Wednesday, 26 December 2012

Tribute to Elliott Wave Theory


Just as i met someone in the street (D-street)
who could do things very very straight

Says he believe me or leave me
but you cant forget to remember me
As i unleash patterns everytime
have you no choice but come back to me

Just as i met someone in the street (D-street)
who could do things very very straight

Says he impulse waves 5 times
and corrective waves 3 times
Follow his Length and time, everytime
you give once, get back many times.

Just as i met someone in the street (D-street)
who could do things very very straight

Gives he advice of some sort
like asking me to go short
Dont bother all others being long
see markets obeying him all along

Just as i met someone in the street (D-street)
who could do things very very straight

Is he the one who guides this jungle
making me everyday richer & stronger
He Seems to be the gods own design
giving my trading THE GOLDEN SHINE

                                                                                                              By Raghs

Friday, 21 September 2012

Is it a Confusion Or Conclusion on D-Street?? We say it isn’t both!!

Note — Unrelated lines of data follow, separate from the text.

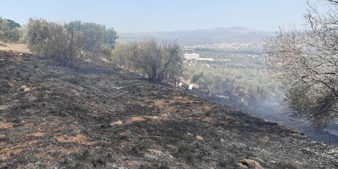 وأوضح رئيس دائرة الحراج الدكتور فادي ديوب في تصريح لمراسلة سانا أن حريقاً نشب في أرض زراعية وحراجية بقرية الحقبانية في منطقة دريكيش، وأتى على مساحة ثلاثة دونمات حراجية تضمنت سندياناً وبلوطاً وغيرها، إضافة إلى دونمين مزروعين بأشجار الزيتون.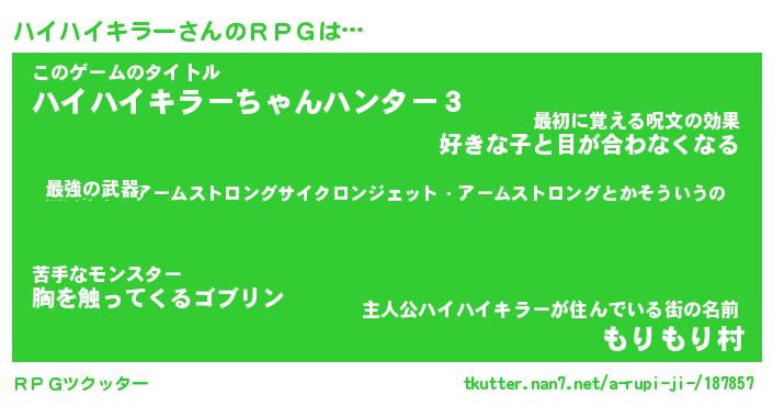 | ツイッター | ハイハイキラーさんのツイッターID『dendenmushi_man』 |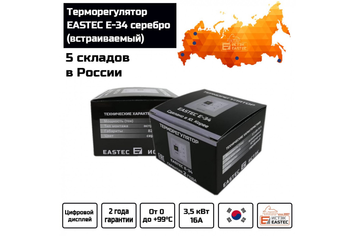 Терморегулятор EASTEC E-34 серебро (Встраиваемый 3,5 кВт)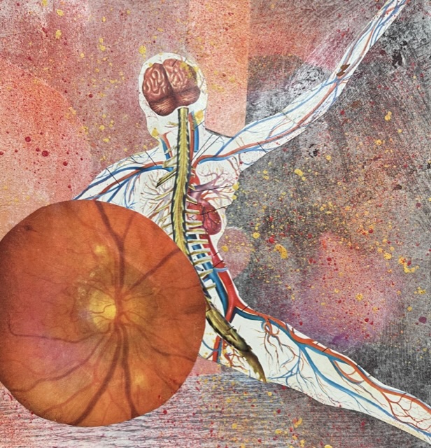 I needed to make a cover for my new Journal, and I wanted a collage. It’s a good size, 9x 12, so I had plenty of room to play with. I found a heavy tag backing from an old watercolor tablet to use as my base.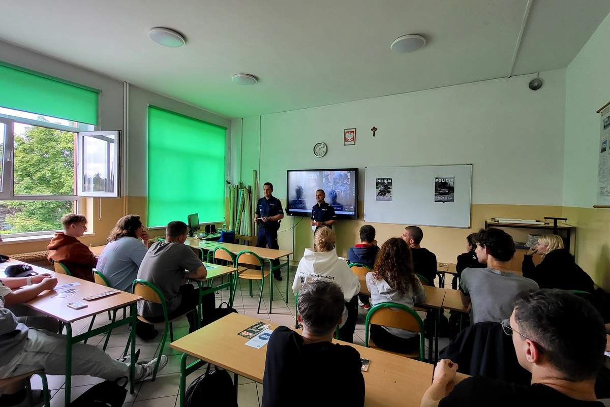 Spotkanie przebiegło w atmosferze dużego zainteresowania i aktywności ze strony uczniów, którzy chętnie zadawali pytania dotyczące zarówno służby w Policji, jak i codziennych sytuacji związanych z bezpieczeństwem. Tego rodzaju inicjatywy są doskonałą okazją do budowania świadomości młodych ludzi i zachęcania ich do odpowiedzialnych wyborów, zarówno w kwestii kariery zawodowej, jak i w życiu codziennym.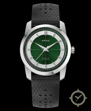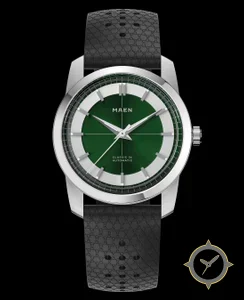 Eine Dress-Uhr mit einem 35.5mm Gehäuse im Vintage-Stil gefertigt aus Edelstahl mit einem Zifferblatt in grün und einer besonderen "sunburst center with ribbed sector ring"-Oberfläche.
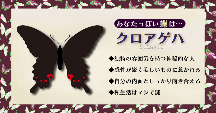 あなたは落ち着いた雰囲気と、どこか神秘的な魅力を持つタイプ。黒く光沢のあるクロアゲハのように、内に秘めた美的感覚やこだわりが強く、独特の世界観を持っています。感性が鋭く、芸術や美しいものに惹かれる一面も。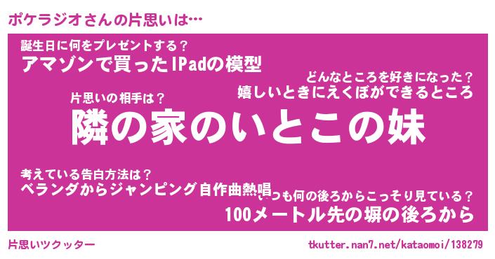 | ヘコむあだ名 | 『ポケもー』『なまこ酢』『ポケっぺ』 |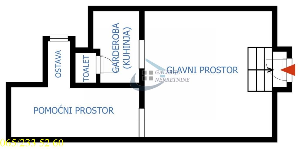 Od prostorija: Glavni prostor, sporedni prostor, garderoba (kuhinja), toalet i ostava.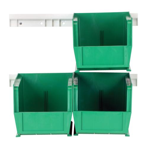 - Hang-and-stack bin complete package is a modifiable storage system; can be extended with a variety of accessories including extra bins and rails

As the euphoria about the reforms unleashing on the one side and anxiety about the stability of the government after TMC pulled out support lingering on the other side the markets are flush with liquidity injected due the QE3 by the US federal reserve and making higher highs and higher lows showing the sign of the bullishness. Is it really a bullish sentiment playing out the mood or is it something else lets take stock of it as below.
As you can see from the below diagram the markets have been drawing down from the top it made on Nov 2010 in a ZigZag fashion making Wave (A), Wave (B) and Wave (C). Now after it made bottom with Wave (C) it has pulled back from there to make a high of 5630 and from there started correcting again upto 4770. 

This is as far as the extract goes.